6. As noted in the php.net documentation for ip2long, I convert the IP address to an unsigned integer using sprintf. This alleviates the issue of the ip being converted to a negative signed integer on 32 bit machines.
7. Since the ip is now an unsigned integer, the last if() statement can be simplified to only check that the IP is greater than the lower bound since the range carries all the way to 255.255.255.255.

One thing to note is the location I placed the unsigned integer conversion in validate_ip(). It appears after the check to determine if the IP was valid because ip2long returns a -1 in the event that the ip matches 255.255.255.255. If we have converted to an unsigned integer prior to the if statement, the IP would be considered valid.
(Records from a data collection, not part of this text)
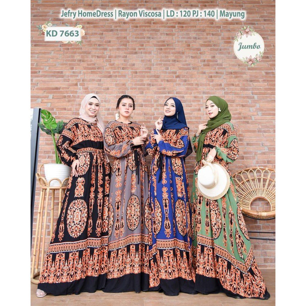 Name: Kd 7663 (isi 4) Jumbo Gamis Asya Rayon Viscosa Batik Sultan Home Dress Mayung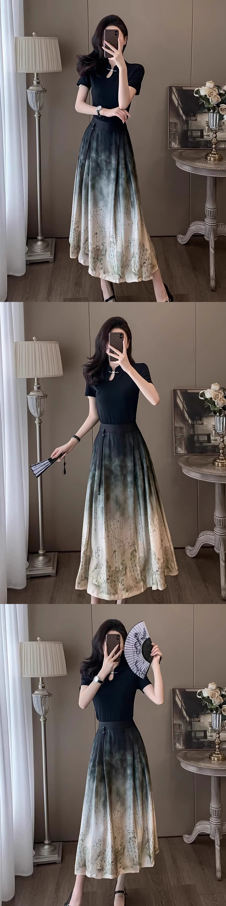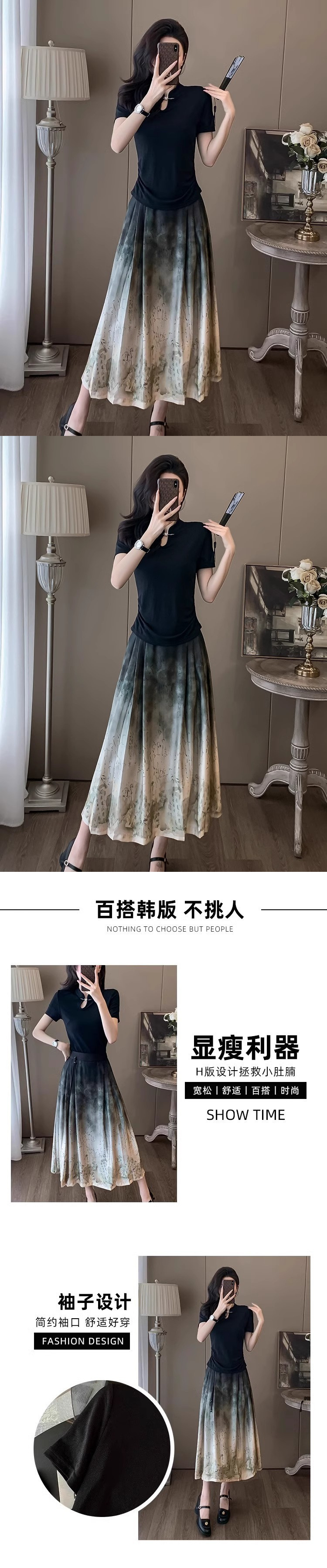 2024년 여름 신작 티셔츠 캐주얼 신상 중국 잉크 말 얼굴 정장 스커트 여성 스커트 패션 투피스 세트스토어 가기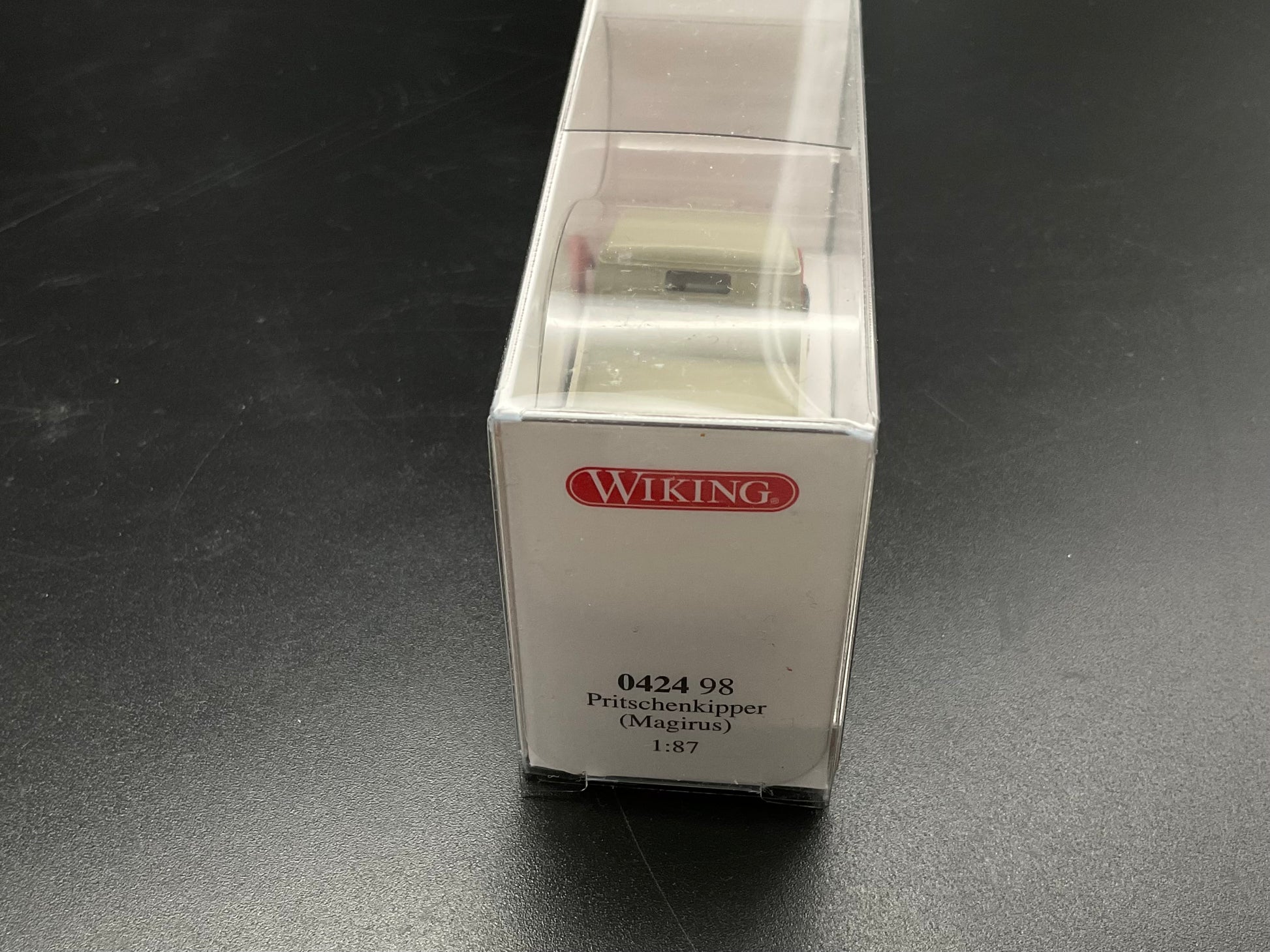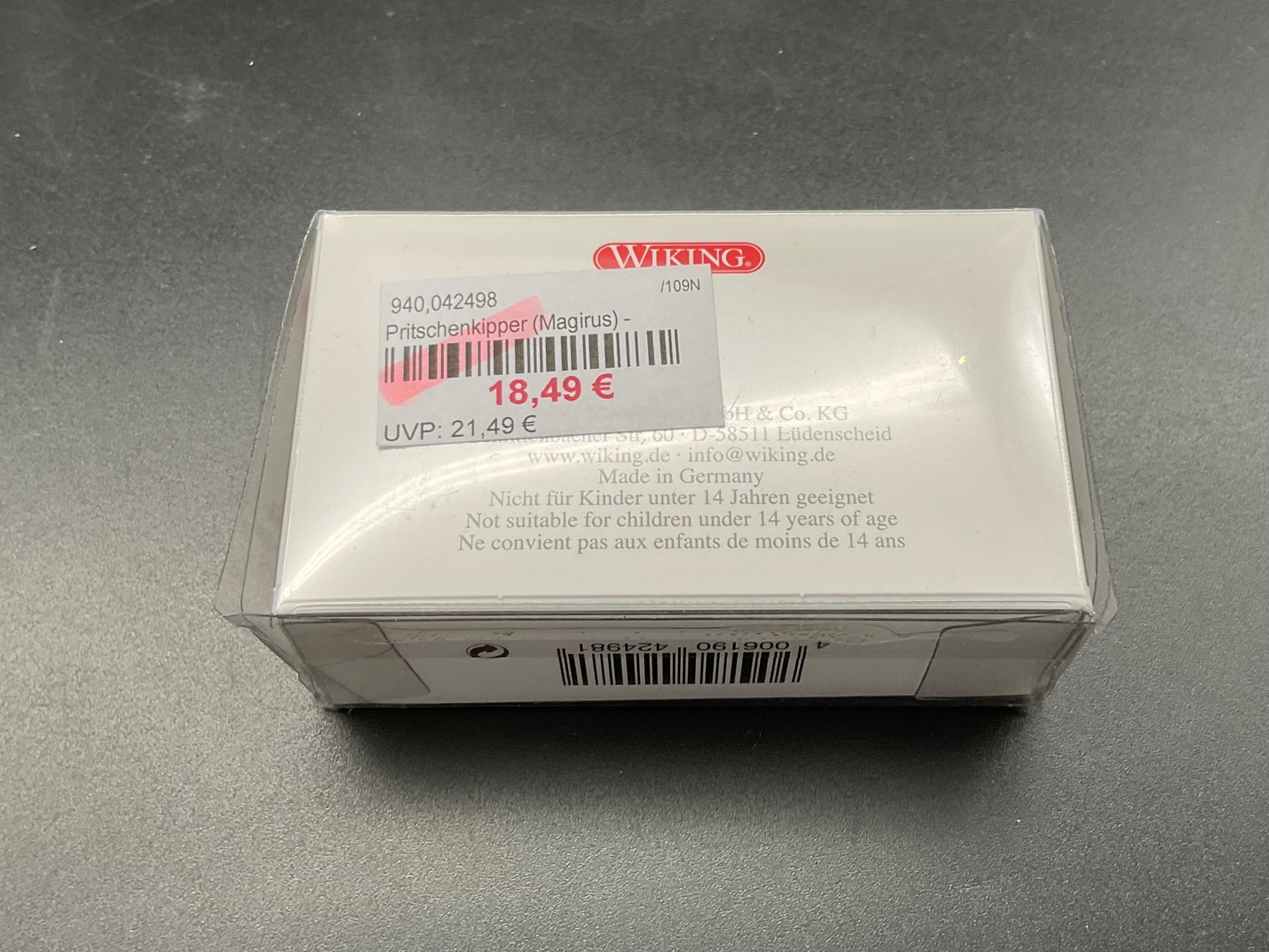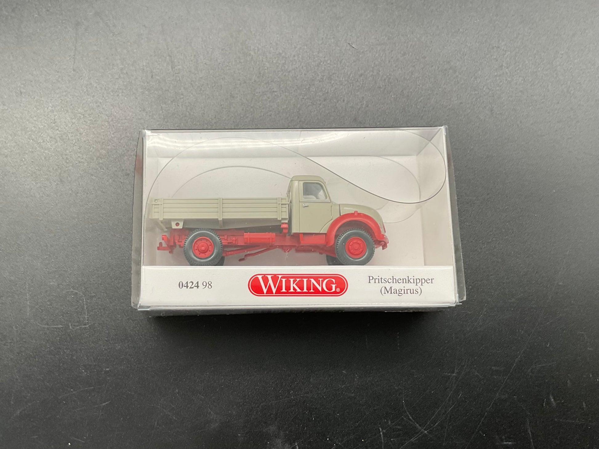 Es handelt sich hierbei um einmal ein Pritschenkipper mit der Modellnummer 0424 98. Das Modell ist Original von Wiking und gebraucht und weist Gebrauchsspuren auf. Zustand entsprechend den Bildern und die Bilder dienen der Beschreibung.

Doing the unsigned int conversion also allows us to simplify the last range of IPs because we know anything equal to 255.255.255.255 did not enter the loop. Other simplifications included a quick check for !empty on $_SERVER variables prior to hitting validate_ip() as we dont need the overhead from making that call if we already know the variable to be invalid.